REQUIRED ACTION
From the entries below, please output exactly the lines starting at the one containing "Polis, trafiğin engellenmesi" and ending at the one containing "Fogueira é como", both included.

RECORDS FOR THIS TASK
=-=-=-=-=
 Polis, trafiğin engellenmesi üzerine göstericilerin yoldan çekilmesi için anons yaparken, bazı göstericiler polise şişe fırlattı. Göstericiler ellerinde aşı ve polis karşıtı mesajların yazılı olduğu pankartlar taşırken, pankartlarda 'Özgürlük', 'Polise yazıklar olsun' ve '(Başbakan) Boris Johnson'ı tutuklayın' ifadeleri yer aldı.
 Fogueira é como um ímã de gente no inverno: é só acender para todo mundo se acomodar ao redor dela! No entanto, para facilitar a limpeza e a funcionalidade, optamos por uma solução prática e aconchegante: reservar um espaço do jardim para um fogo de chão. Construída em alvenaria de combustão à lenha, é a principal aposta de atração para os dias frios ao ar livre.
=-=-=-=-=
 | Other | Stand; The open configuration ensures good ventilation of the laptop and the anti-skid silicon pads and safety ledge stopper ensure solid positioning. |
=-=-=-=-=
ANSWER TO THE EXERCISE
 Polis, trafiğin engellenmesi üzerine göstericilerin yoldan çekilmesi için anons yaparken, bazı göstericiler polise şişe fırlattı. Göstericiler ellerinde aşı ve polis karşıtı mesajların yazılı olduğu pankartlar taşırken, pankartlarda 'Özgürlük', 'Polise yazıklar olsun' ve '(Başbakan) Boris Johnson'ı tutuklayın' ifadeleri yer aldı.
 Fogueira é como um ímã de gente no inverno: é só acender para todo mundo se acomodar ao redor dela! No entanto, para facilitar a limpeza e a funcionalidade, optamos por uma solução prática e aconchegante: reservar um espaço do jardim para um fogo de chão. Construída em alvenaria de combustão à lenha, é a principal aposta de atração para os dias frios ao ar livre.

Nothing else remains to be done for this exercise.